_Material provided_
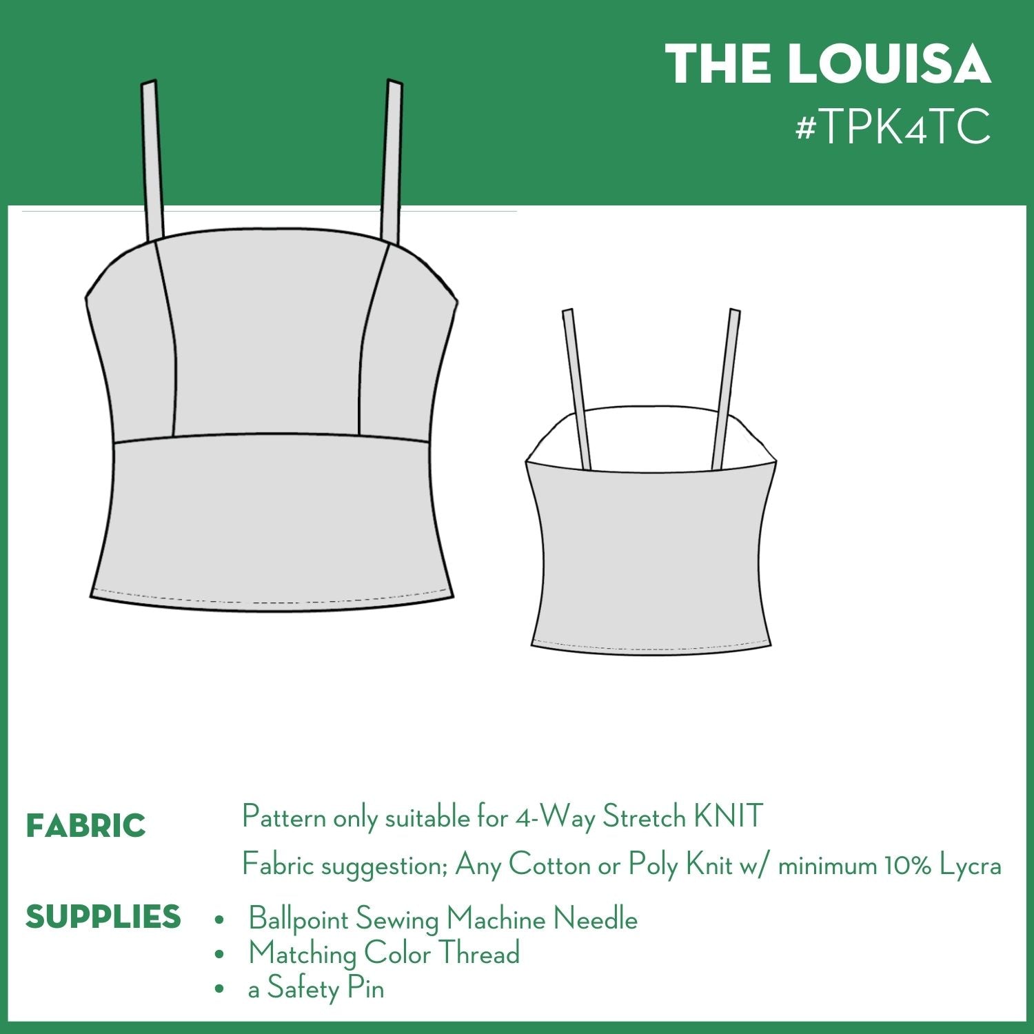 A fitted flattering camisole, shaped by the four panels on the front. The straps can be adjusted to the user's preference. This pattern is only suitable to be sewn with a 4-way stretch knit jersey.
==
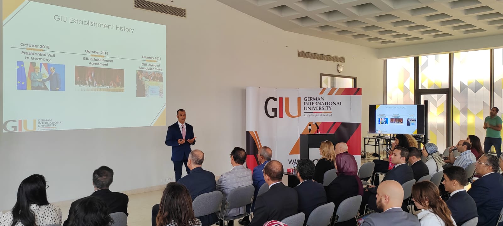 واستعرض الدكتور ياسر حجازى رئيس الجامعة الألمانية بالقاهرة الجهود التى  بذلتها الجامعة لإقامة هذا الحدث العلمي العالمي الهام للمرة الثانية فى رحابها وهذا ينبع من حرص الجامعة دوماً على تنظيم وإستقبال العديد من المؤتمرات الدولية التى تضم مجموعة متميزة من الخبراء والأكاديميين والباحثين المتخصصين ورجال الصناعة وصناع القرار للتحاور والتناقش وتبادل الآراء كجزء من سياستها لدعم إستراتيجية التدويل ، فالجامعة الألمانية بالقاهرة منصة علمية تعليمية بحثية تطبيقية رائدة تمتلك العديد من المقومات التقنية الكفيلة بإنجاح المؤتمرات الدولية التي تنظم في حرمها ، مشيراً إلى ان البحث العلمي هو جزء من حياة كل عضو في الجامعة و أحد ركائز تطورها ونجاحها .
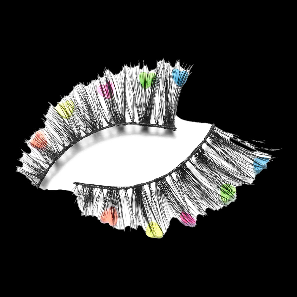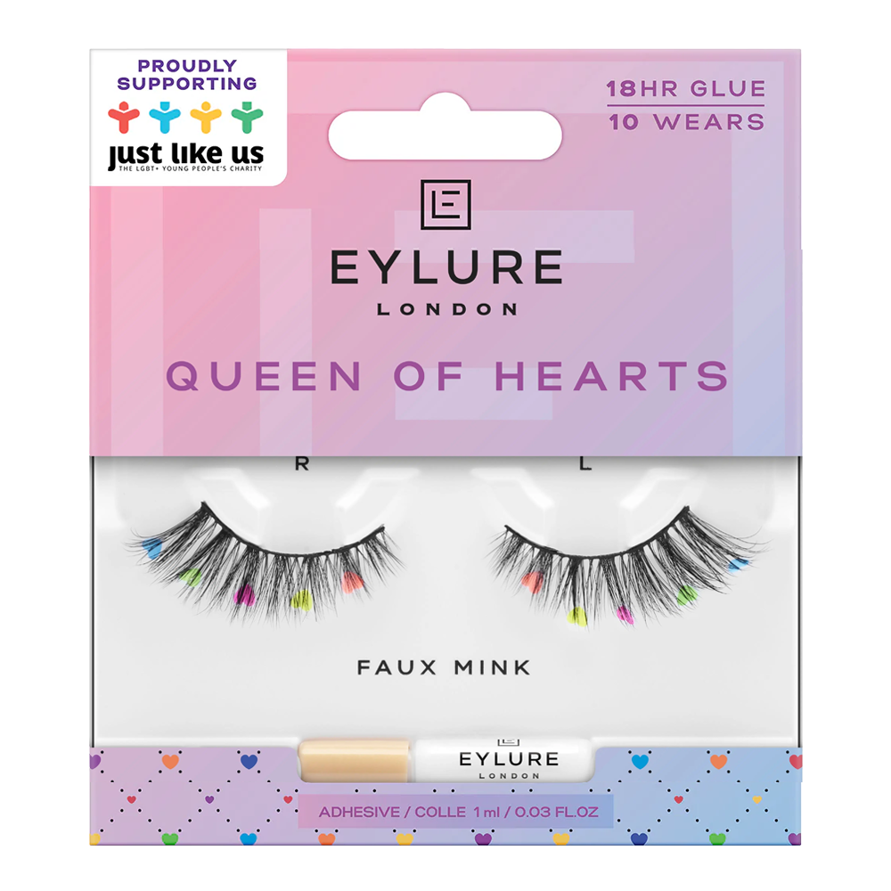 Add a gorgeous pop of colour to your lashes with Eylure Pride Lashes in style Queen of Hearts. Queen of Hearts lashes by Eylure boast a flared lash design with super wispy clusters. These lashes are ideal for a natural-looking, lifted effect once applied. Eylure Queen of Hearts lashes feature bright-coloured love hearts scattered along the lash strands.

_Problem requirements_
Transcribe the lines above exactly, beginning at the one with "واستعرض الدكتور ياسر" and ending at the one with "Add a gorgeous". Include both; exclude the pictures.

_Response to the exercise_
 واستعرض الدكتور ياسر حجازى رئيس الجامعة الألمانية بالقاهرة الجهود التى  بذلتها الجامعة لإقامة هذا الحدث العلمي العالمي الهام للمرة الثانية فى رحابها وهذا ينبع من حرص الجامعة دوماً على تنظيم وإستقبال العديد من المؤتمرات الدولية التى تضم مجموعة متميزة من الخبراء والأكاديميين والباحثين المتخصصين ورجال الصناعة وصناع القرار للتحاور والتناقش وتبادل الآراء كجزء من سياستها لدعم إستراتيجية التدويل ، فالجامعة الألمانية بالقاهرة منصة علمية تعليمية بحثية تطبيقية رائدة تمتلك العديد من المقومات التقنية الكفيلة بإنجاح المؤتمرات الدولية التي تنظم في حرمها ، مشيراً إلى ان البحث العلمي هو جزء من حياة كل عضو في الجامعة و أحد ركائز تطورها ونجاحها .
 Add a gorgeous pop of colour to your lashes with Eylure Pride Lashes in style Queen of Hearts. Queen of Hearts lashes by Eylure boast a flared lash design with super wispy clusters. These lashes are ideal for a natural-looking, lifted effect once applied. Eylure Queen of Hearts lashes feature bright-coloured love hearts scattered along the lash strands.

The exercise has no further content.